PROBLEM: When you reach the line containing "トップス レディース 夏" in the entries below, start writing out each line exactly, and stop after the line containing "Так, для укладки".

THE DATA:
◆ ◆ ◆ ◆

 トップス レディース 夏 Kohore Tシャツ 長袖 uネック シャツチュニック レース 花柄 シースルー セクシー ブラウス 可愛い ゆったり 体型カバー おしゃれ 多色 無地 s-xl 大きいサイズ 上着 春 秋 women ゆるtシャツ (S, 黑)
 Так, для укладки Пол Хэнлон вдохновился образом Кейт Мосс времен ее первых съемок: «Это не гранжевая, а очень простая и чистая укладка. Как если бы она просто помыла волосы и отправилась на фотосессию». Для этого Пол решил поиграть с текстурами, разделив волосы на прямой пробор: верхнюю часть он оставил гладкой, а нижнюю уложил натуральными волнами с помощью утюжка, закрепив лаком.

◆ ◆ ◆ ◆

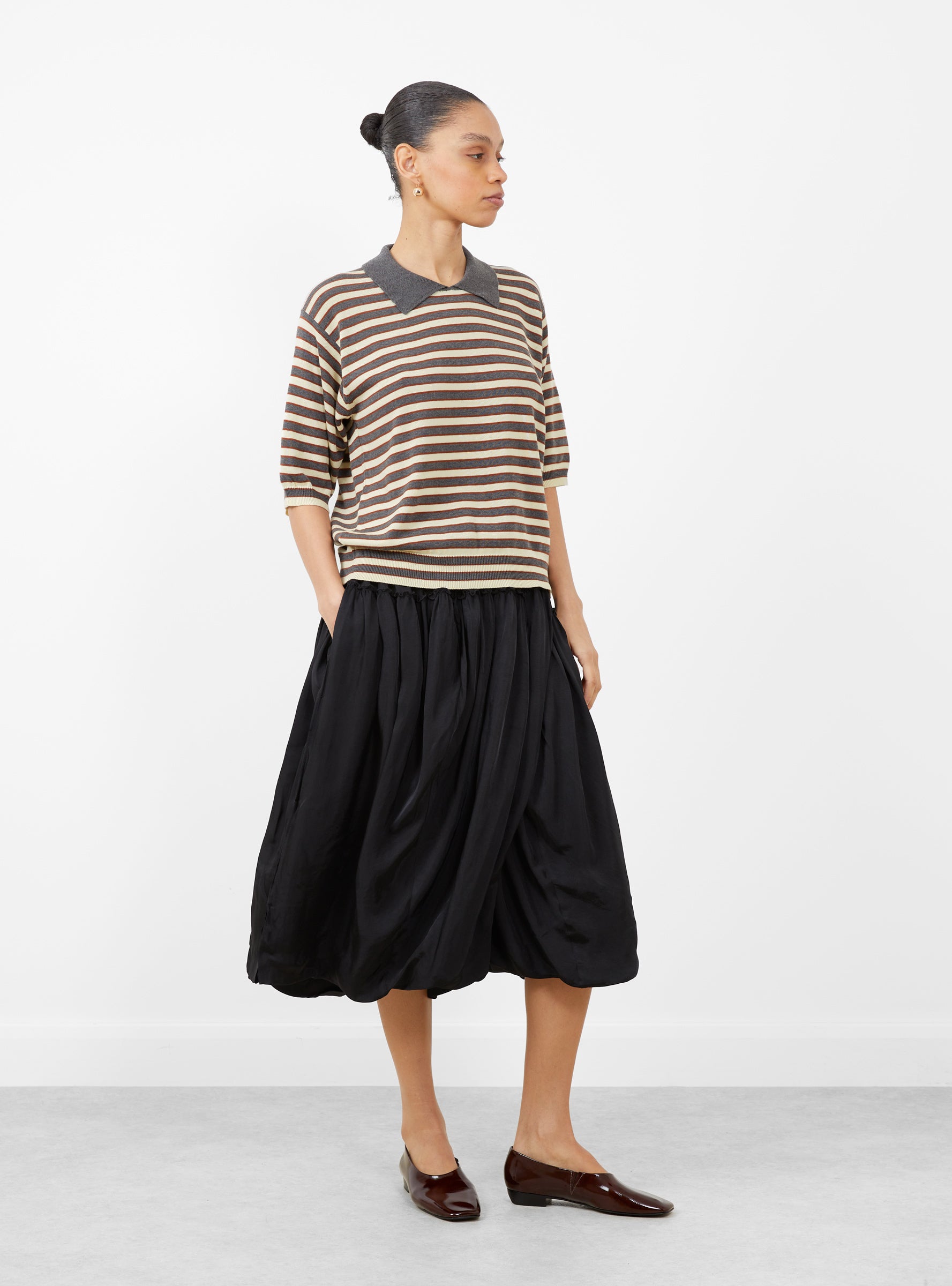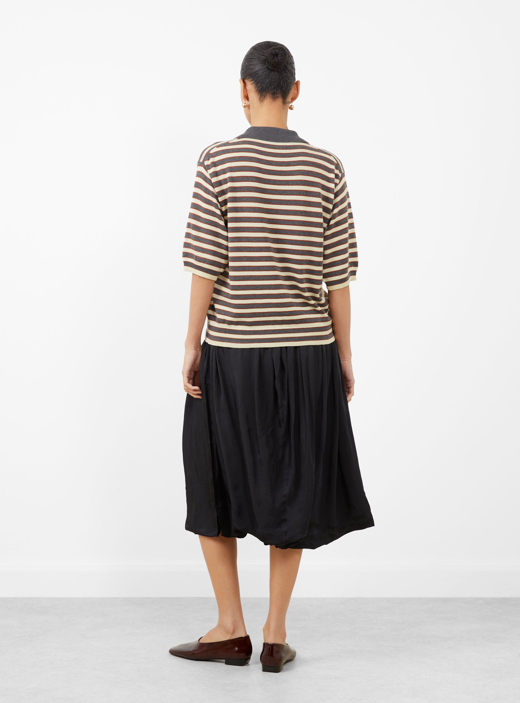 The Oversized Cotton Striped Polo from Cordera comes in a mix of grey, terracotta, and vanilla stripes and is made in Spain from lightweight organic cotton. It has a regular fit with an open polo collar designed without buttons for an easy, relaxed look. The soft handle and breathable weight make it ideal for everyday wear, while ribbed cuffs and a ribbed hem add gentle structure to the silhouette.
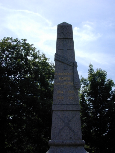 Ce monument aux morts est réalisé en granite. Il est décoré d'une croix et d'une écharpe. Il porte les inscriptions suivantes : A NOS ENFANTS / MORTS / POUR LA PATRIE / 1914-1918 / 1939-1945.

◆ ◆ ◆ ◆

RESULT OF THIS EXERCISE:
 トップス レディース 夏 Kohore Tシャツ 長袖 uネック シャツチュニック レース 花柄 シースルー セクシー ブラウス 可愛い ゆったり 体型カバー おしゃれ 多色 無地 s-xl 大きいサイズ 上着 春 秋 women ゆるtシャツ (S, 黑)
 Так, для укладки Пол Хэнлон вдохновился образом Кейт Мосс времен ее первых съемок: «Это не гранжевая, а очень простая и чистая укладка. Как если бы она просто помыла волосы и отправилась на фотосессию». Для этого Пол решил поиграть с текстурами, разделив волосы на прямой пробор: верхнюю часть он оставил гладкой, а нижнюю уложил натуральными волнами с помощью утюжка, закрепив лаком.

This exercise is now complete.